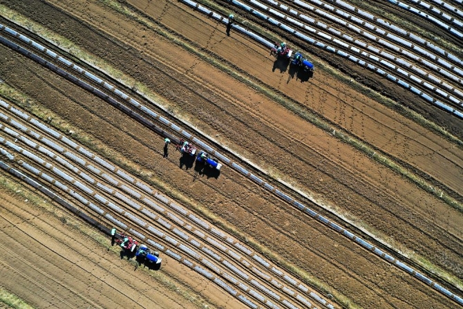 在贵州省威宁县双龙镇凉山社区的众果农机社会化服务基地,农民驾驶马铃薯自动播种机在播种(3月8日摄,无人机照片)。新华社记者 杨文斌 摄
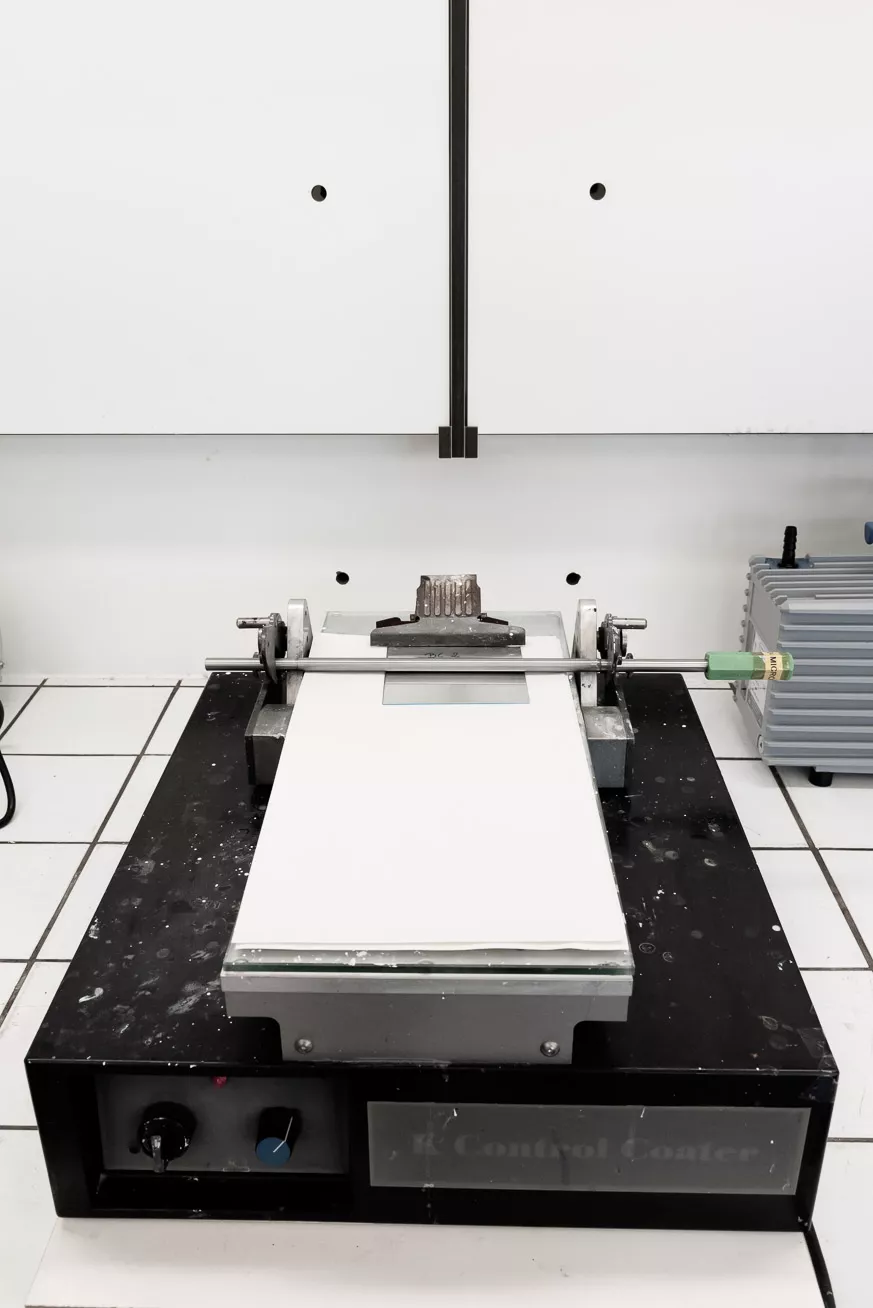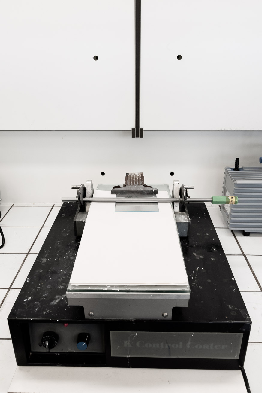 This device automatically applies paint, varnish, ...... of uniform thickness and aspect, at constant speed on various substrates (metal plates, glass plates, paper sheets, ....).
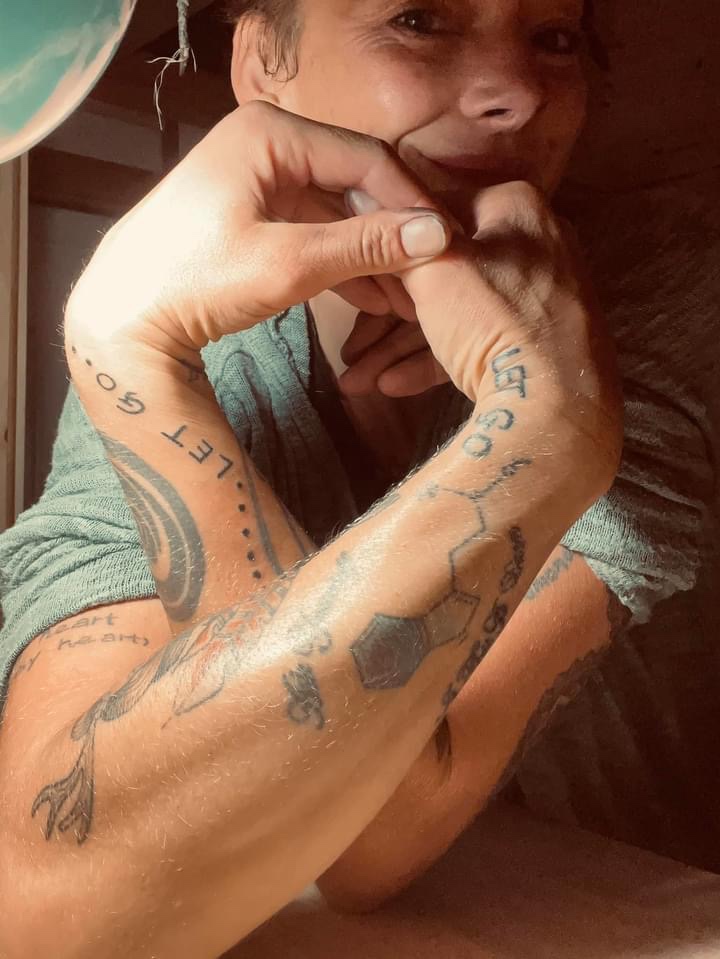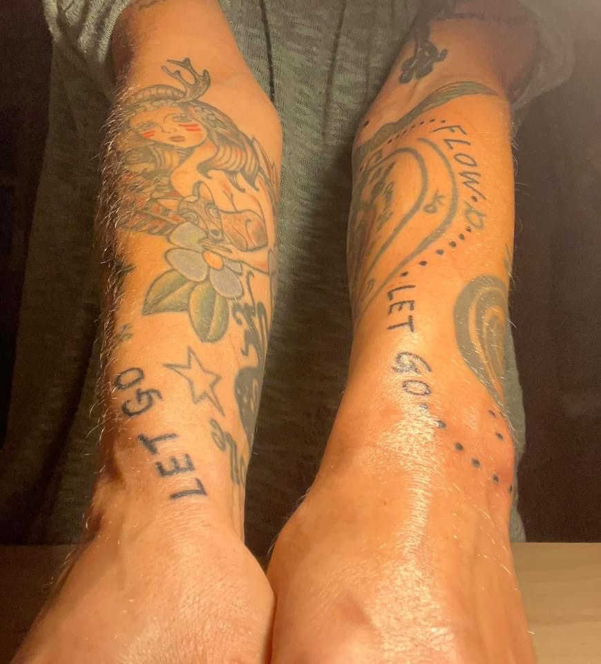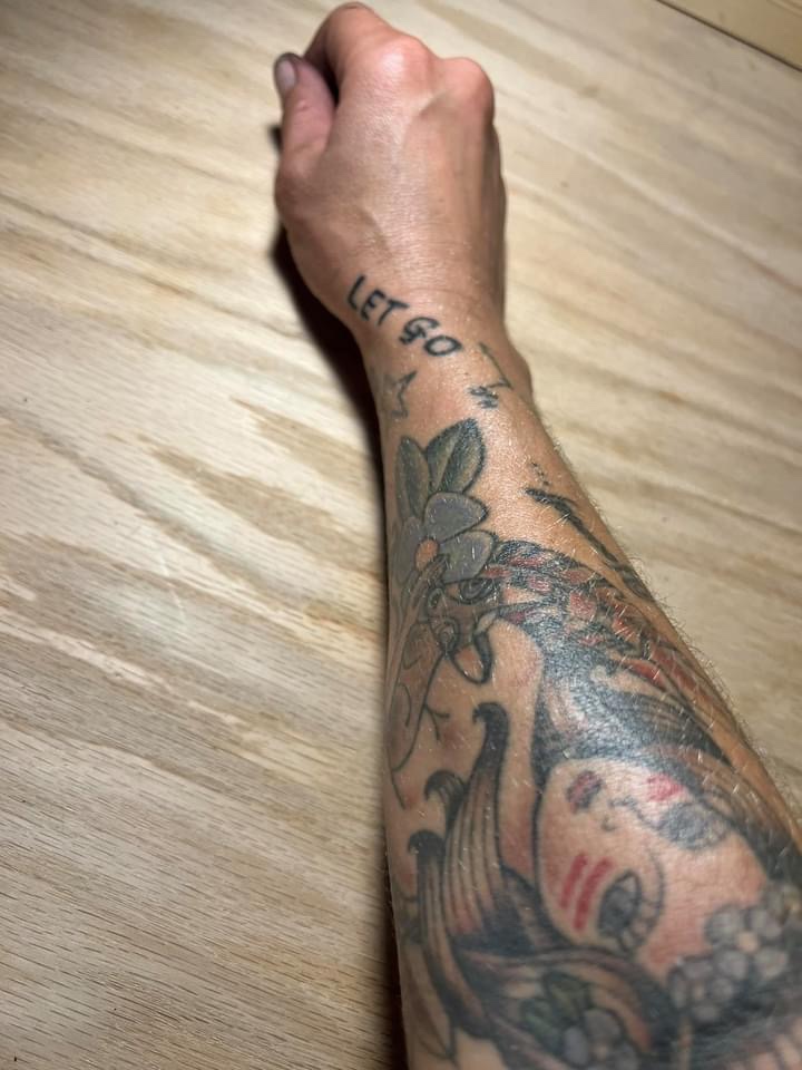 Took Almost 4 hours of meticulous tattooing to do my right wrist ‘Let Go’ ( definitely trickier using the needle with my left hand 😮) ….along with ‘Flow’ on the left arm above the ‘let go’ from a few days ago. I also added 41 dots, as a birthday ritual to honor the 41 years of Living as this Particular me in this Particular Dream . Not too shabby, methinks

EXERCISE OBJECTIVE: Starting at the top of the listing above, please restate word for word each line up to and including the one that holds "This device automatically", omitting every image.

EXERCISE ANSWER:
 在贵州省威宁县双龙镇凉山社区的众果农机社会化服务基地,农民驾驶马铃薯自动播种机在播种(3月8日摄,无人机照片)。新华社记者 杨文斌 摄
 This device automatically applies paint, varnish, ...... of uniform thickness and aspect, at constant speed on various substrates (metal plates, glass plates, paper sheets, ....).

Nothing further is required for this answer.